* **What is being asked**
Retype the following data exactly, but leave its pictures out.

Records excerpted from a collection
::::::::::

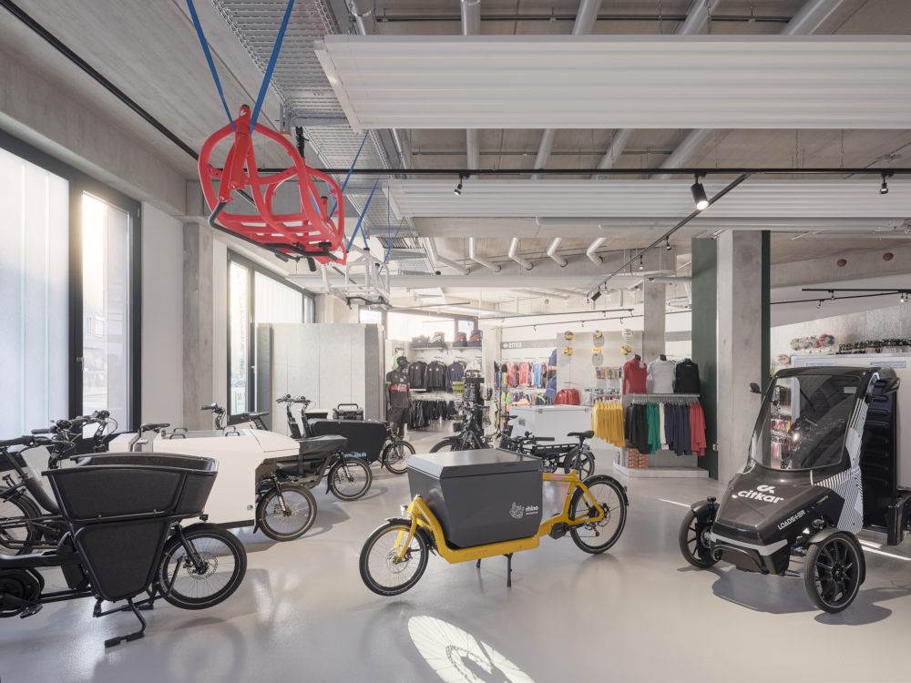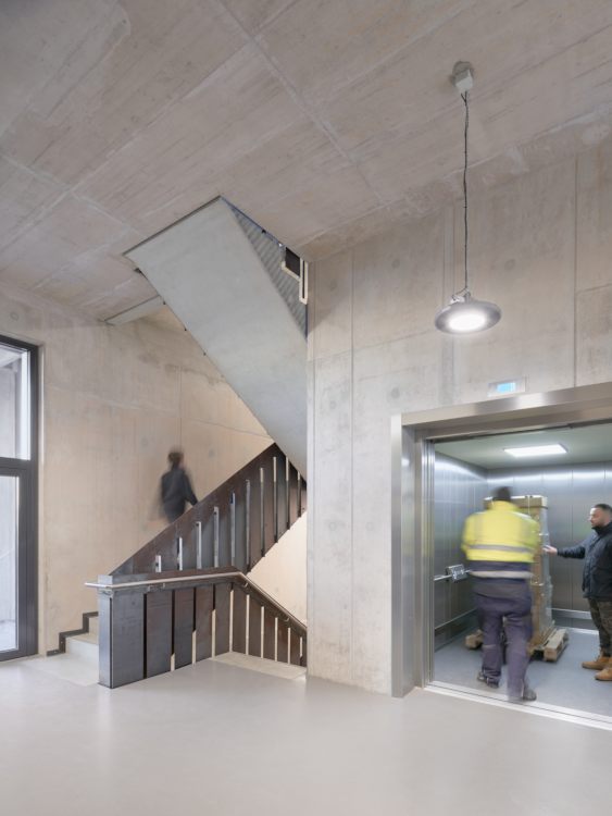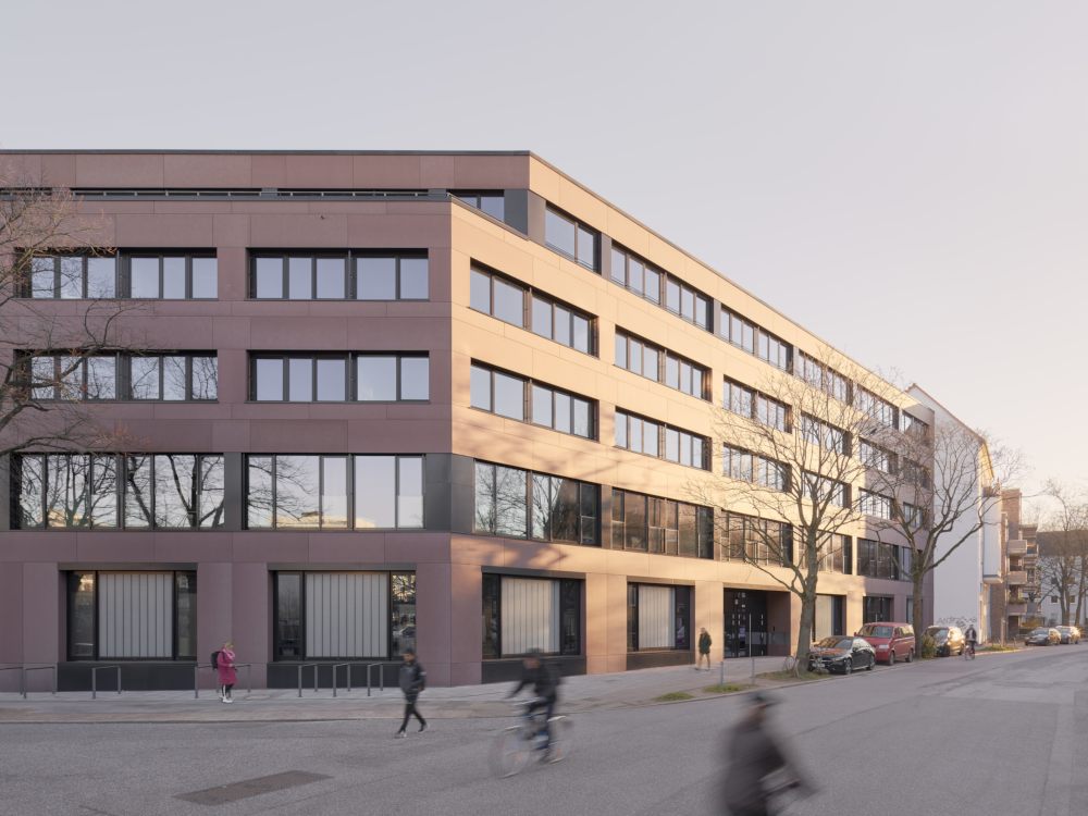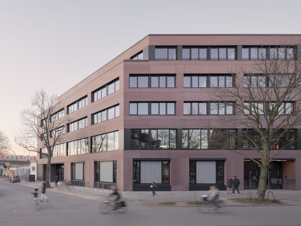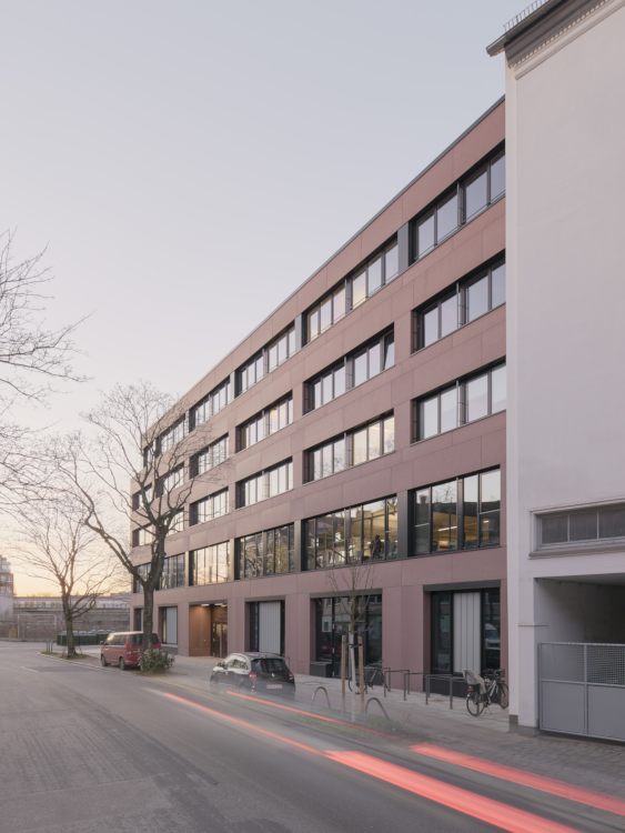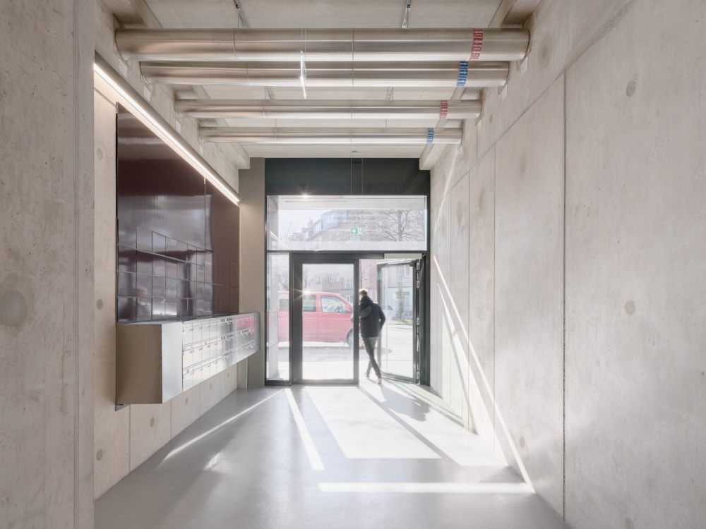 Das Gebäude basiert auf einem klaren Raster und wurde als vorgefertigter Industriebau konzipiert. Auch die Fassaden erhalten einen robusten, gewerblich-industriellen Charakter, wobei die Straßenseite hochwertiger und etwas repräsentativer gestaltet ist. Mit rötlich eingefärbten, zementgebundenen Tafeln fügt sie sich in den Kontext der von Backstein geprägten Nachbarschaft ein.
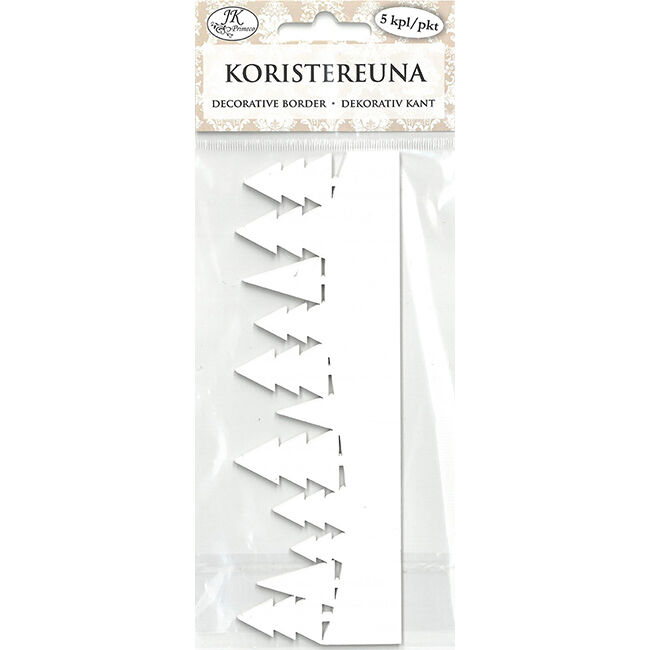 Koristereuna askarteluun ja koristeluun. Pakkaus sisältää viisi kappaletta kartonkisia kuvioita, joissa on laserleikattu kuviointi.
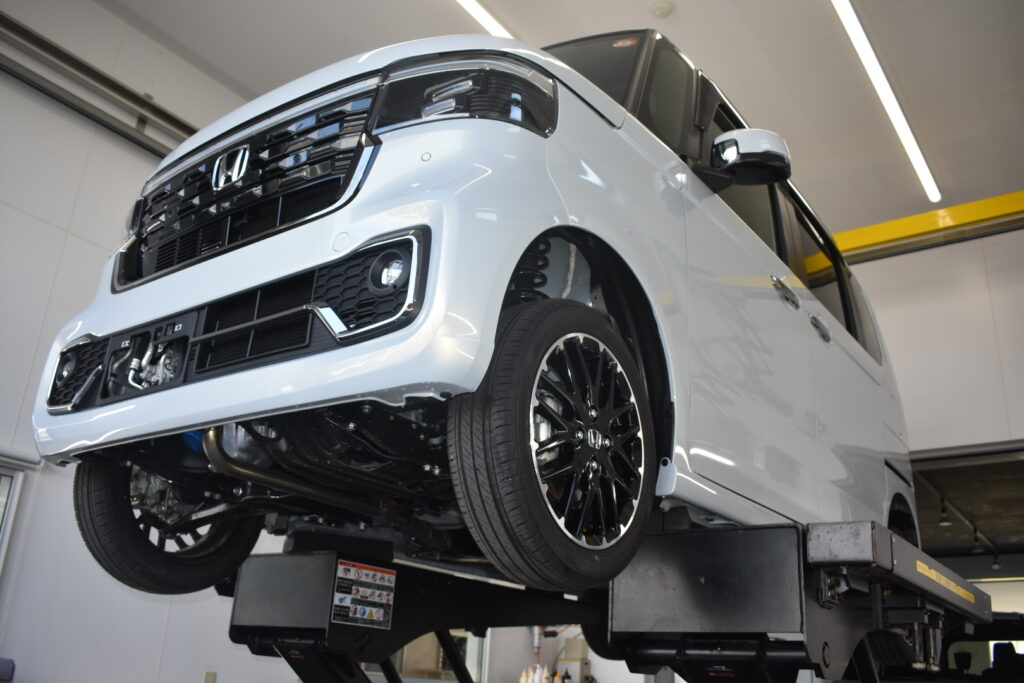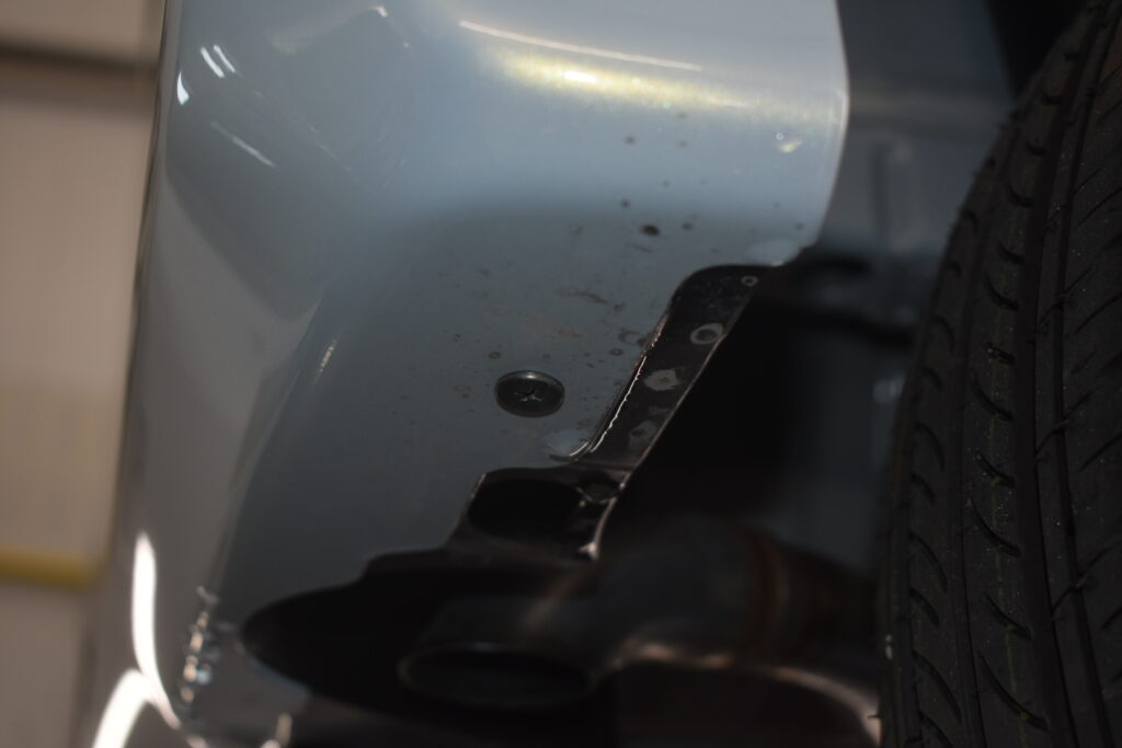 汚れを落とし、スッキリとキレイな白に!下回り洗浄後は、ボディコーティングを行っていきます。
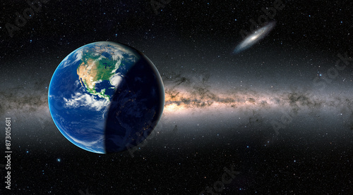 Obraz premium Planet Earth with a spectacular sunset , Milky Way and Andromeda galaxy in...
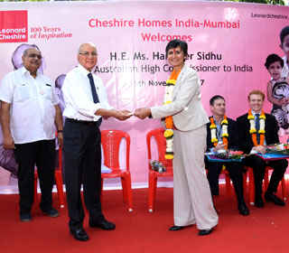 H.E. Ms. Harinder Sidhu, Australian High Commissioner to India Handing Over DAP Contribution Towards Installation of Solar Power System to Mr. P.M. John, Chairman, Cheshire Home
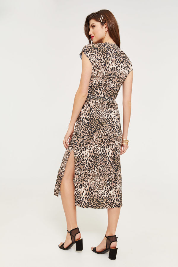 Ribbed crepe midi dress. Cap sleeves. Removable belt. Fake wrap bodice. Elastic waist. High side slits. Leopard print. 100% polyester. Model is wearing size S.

::::::::::

* **Output of the task**
 Das Gebäude basiert auf einem klaren Raster und wurde als vorgefertigter Industriebau konzipiert. Auch die Fassaden erhalten einen robusten, gewerblich-industriellen Charakter, wobei die Straßenseite hochwertiger und etwas repräsentativer gestaltet ist. Mit rötlich eingefärbten, zementgebundenen Tafeln fügt sie sich in den Kontext der von Backstein geprägten Nachbarschaft ein.
 Koristereuna askarteluun ja koristeluun. Pakkaus sisältää viisi kappaletta kartonkisia kuvioita, joissa on laserleikattu kuviointi.
 汚れを落とし、スッキリとキレイな白に!下回り洗浄後は、ボディコーティングを行っていきます。
 Obraz premium Planet Earth with a spectacular sunset , Milky Way and Andromeda galaxy in...
 H.E. Ms. Harinder Sidhu, Australian High Commissioner to India Handing Over DAP Contribution Towards Installation of Solar Power System to Mr. P.M. John, Chairman, Cheshire Home
 Ribbed crepe midi dress. Cap sleeves. Removable belt. Fake wrap bodice. Elastic waist. High side slits. Leopard print. 100% polyester. Model is wearing size S.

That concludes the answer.